Der mögliche Weg des Universums vom falschen ins echte Vakuum
Redaktion
/ idw / Pressemitteilung des Institute of Science and Technology Austria astronews.com
5. Februar 2025
Ist unser Universum in einem sogenannten falschen Vakuum
gefangen bis ein kosmischer Übergang zu einem stabileren echten Vakuum erfolgt?
Um diese Frage zu beantworten, wurde der Prozess nun mithilfe eines
Quantencomputers modelliert. Die Ergebnisse könnten Aufschluss über
die Entstehung des Universums und sein Schicksal in einigen Milliarden Jahren
geben.

Die Quantenglühanlage hat den grundlegenden
Prozess des Vakuumzerfalls simuliert und damit
die Möglichkeit eröffnet, um die Wechselwirkungen
zwischen echten Vakuumblasen zu verstehen.
Bild: Zlatko
Papic (Bild erstellt mit Povray) [Großansicht] |
Sidney Coleman, der Pionier der Quantenfeldtheorie, schlug vor fast 50 Jahren
vor, dass unser Universum möglicherweise nicht seinen stabilsten Zustand
erreicht hat, sondern in einem sogenannten falschen Vakuum gefangen ist.
Demzufolge könnte das Universum, wie wir es kennen, kurz vor dem Übergang in
einen noch stabileren, echten Vakuumzustand stehen. Ein sanfter Übergang wird
das allerdings sicher nicht sein. Vielmehr könnte es zu einer katastrophalen
Veränderung der Struktur des Universums kommen.

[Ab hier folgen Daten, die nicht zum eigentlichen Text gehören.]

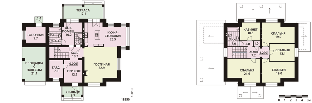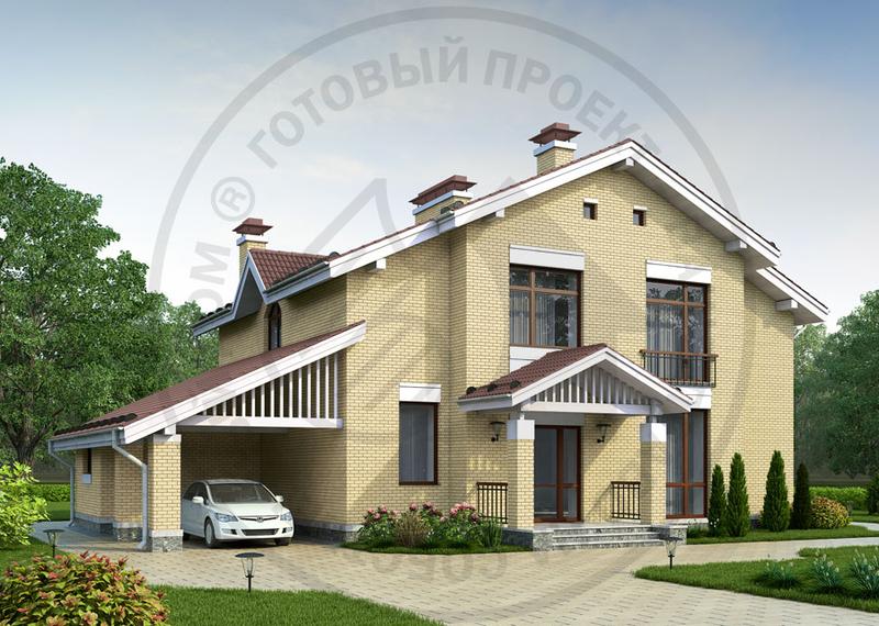 Двухэтажный современный особняк, изысканный, комфортабельный и в то же время максимально рациональный. Внутренняя планировка логичная и удобная. Из небольшого холла первого этажа можно попасть в гостевую часть дома, а также в технический блок и хоз.помещения. Кухня-столовая и просторная гостиная с камином образуют единое пространство. Для автомобиля предусмотрен навес. На втором этаже вокруг лестничного пролета расположены четыре спальни, кабинет и просторная ванная комната.

"Wir sprechen von einem Prozess, durch den das Universum seine Struktur
vollständig verändern würde. Die fundamentalen Konstanten könnten sich
augenblicklich ändern, und die Welt, wie wir sie kennen, würde wie ein
Kartenhaus einstürzen", erklärt Zlatko Papić, Professor an der Universität von
Leeds in Großbritannien. Den Zeitrahmen vorherzusagen, bleibt jedoch eine
Herausforderung. Wahrscheinlich erstreckt er sich über Millionen oder sogar
Milliarden von Jahren. "Was wir wirklich brauchen, sind kontrollierte
Experimente, um diesen Prozess zu beobachten und seine Zeitskalen zu bestimmen."
Nun konnte eine internationale Zusammenarbeit, an der Papić, Jaka Vodeb vom
Forschungszentrum Jülich und Jean-Yves Desaules, Postdoc in der Gruppe von
Maksym Serbyn am Institute of Science and Technology Austria in
Klosterneuburg in Österreich, beteiligt waren, diesen Prozess, des sogenannten
Vakuumzerfalls modellieren. Durch die Neudefinition unseres Verständnisses der
Quantendynamik könnte diese Arbeit dazu beitragen, die Quanteninformatik
voranzubringen und somit ihr Potenzial, einige der schwierigsten Probleme im
Zusammenhang mit der grundlegenden Physik des Universums zu lösen.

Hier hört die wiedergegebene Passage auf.